◆ **EXTRACTED MATERIAL**:
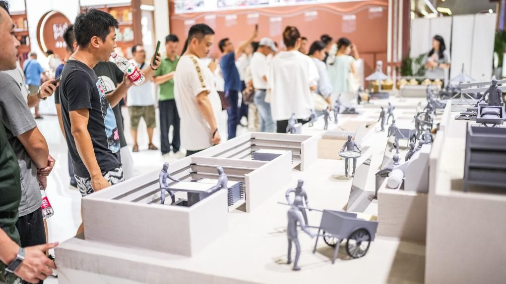 观众9日在酒博会现场参观制酒工艺模型。(图片来源:新华社)
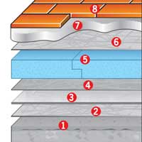 1. Бетонное основание. 2. Слой геотекстиля. 3. Гидроизоляционный слой. 4. Слой геотекстиля. 5. Слой теплоизоляции. 6. Слой геотекстиля. 7-8. Тротуарная плитка на цементной стяжке. |
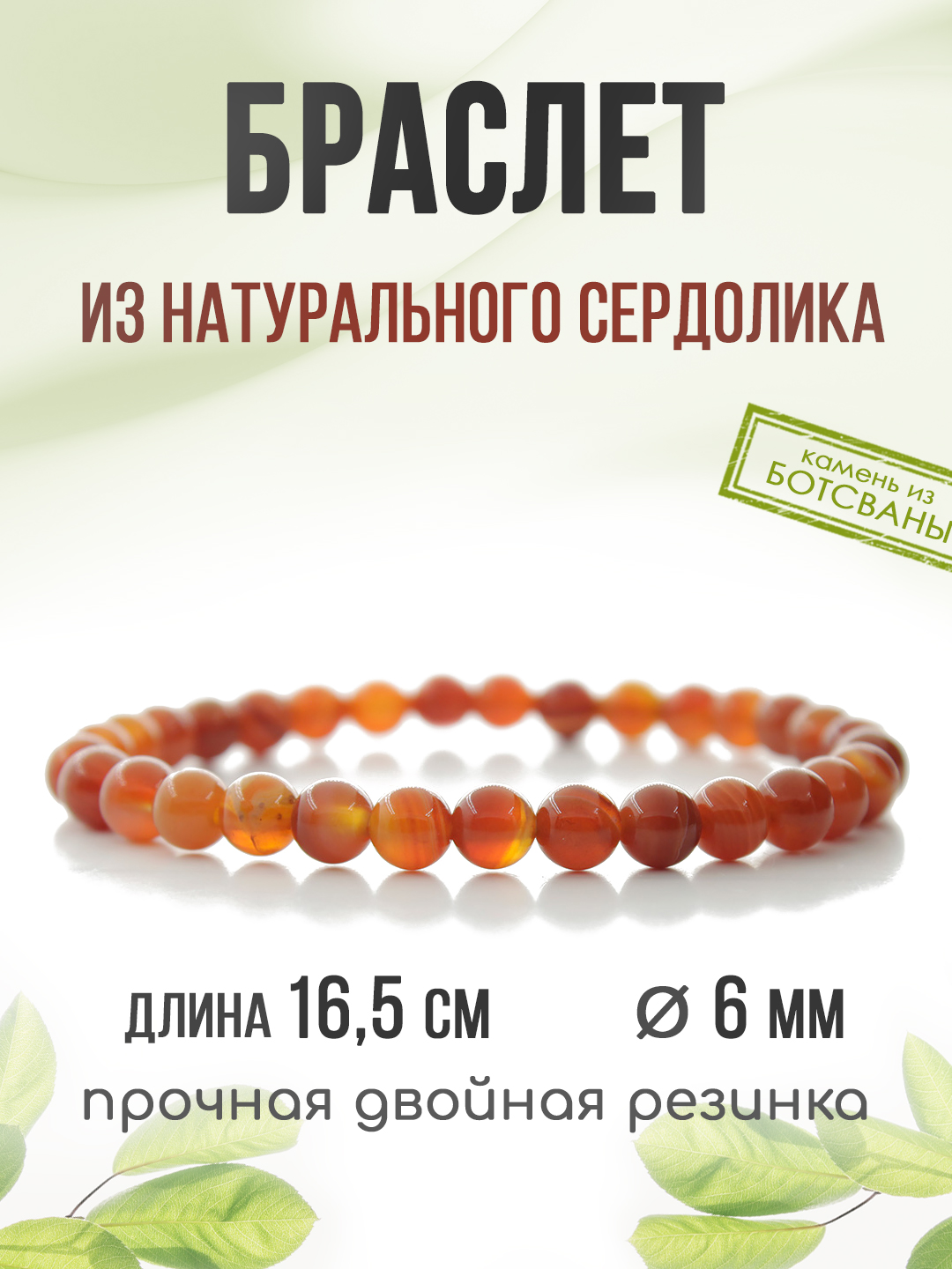 Сердолик красный 6мм, браслет "Классика" длина 17см
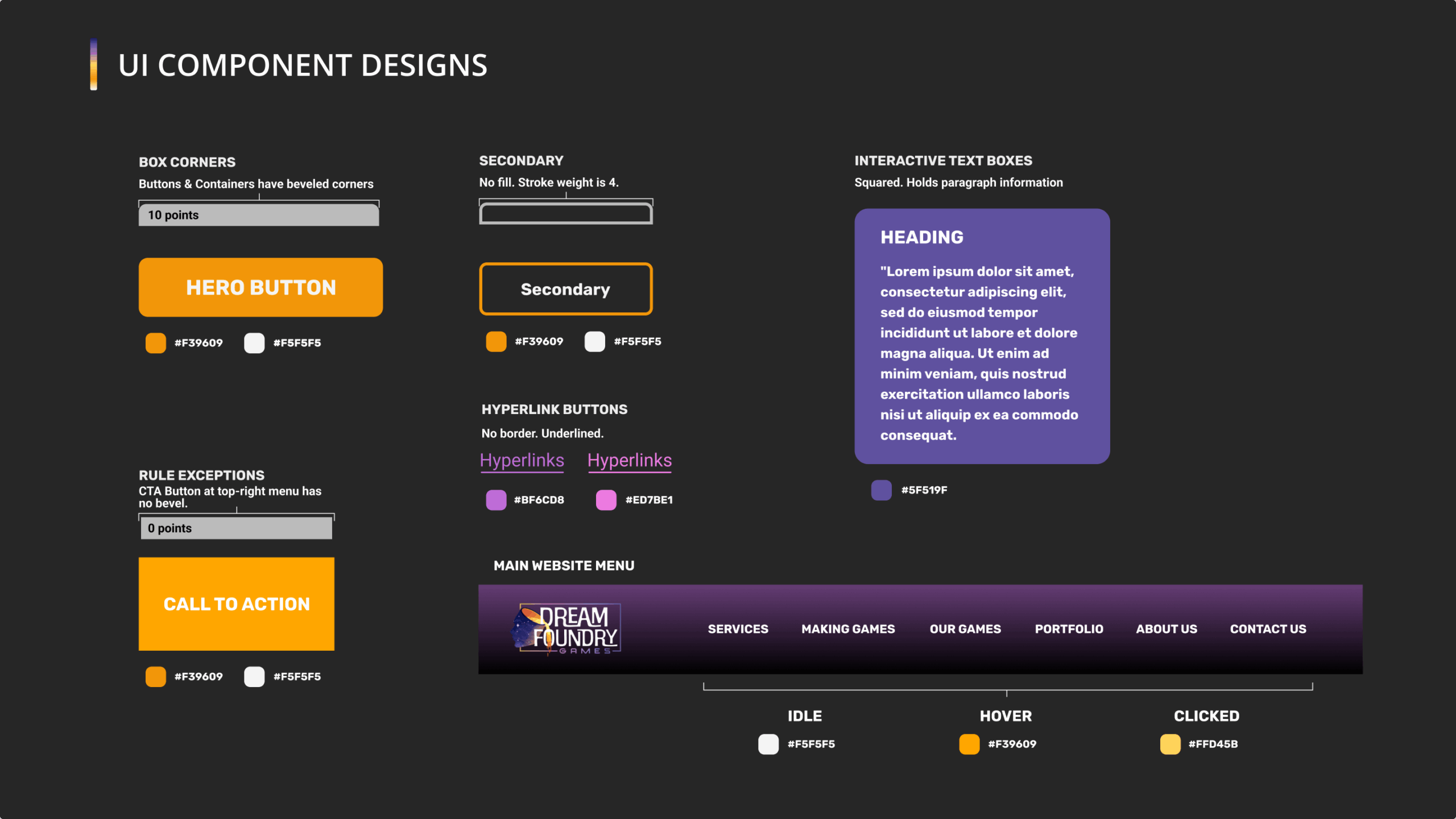 This project taught me the value of creating a visual style and language based on pre-existing branding; retaining the colors and feeling of a logo & brand, while using new fonts and designs that fit the aesthetic of Dream Foundry Games. In future projects, I would like to have the opportunity to work more with icons, and explore more in terms of the mobile-first approach to design.
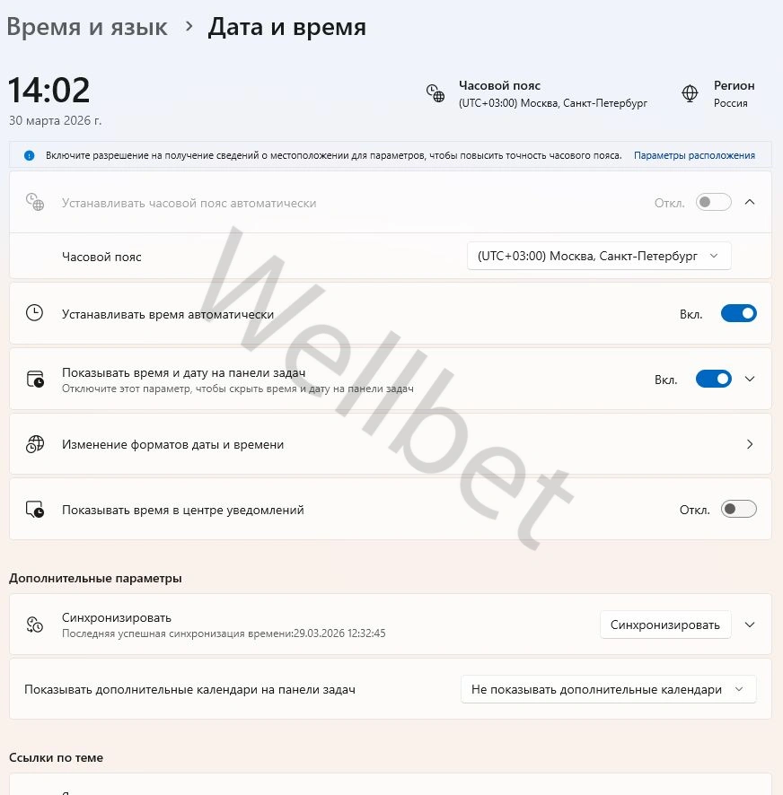 Сайт букмекерской конторы «Олимпбет» работает на протоколе https. Если время на компьютере не совпадает с фактическим, сайт БК не откроется. И чтобы решить эту проблему, нужно проверить дату и время. А чтобы ошибка не повторялась, включите автоматическое определение времени в настройках.

◆ **EXERCISE INSTRUCTIONS**:
Please reproduce the lines exactly from the one containing "This project taught" through the last line of the data above, and keep the pictures out.

◆ **SOLUTION TO THIS PROBLEM**:
 This project taught me the value of creating a visual style and language based on pre-existing branding; retaining the colors and feeling of a logo & brand, while using new fonts and designs that fit the aesthetic of Dream Foundry Games. In future projects, I would like to have the opportunity to work more with icons, and explore more in terms of the mobile-first approach to design.
 Сайт букмекерской конторы «Олимпбет» работает на протоколе https. Если время на компьютере не совпадает с фактическим, сайт БК не откроется. И чтобы решить эту проблему, нужно проверить дату и время. А чтобы ошибка не повторялась, включите автоматическое определение времени в настройках.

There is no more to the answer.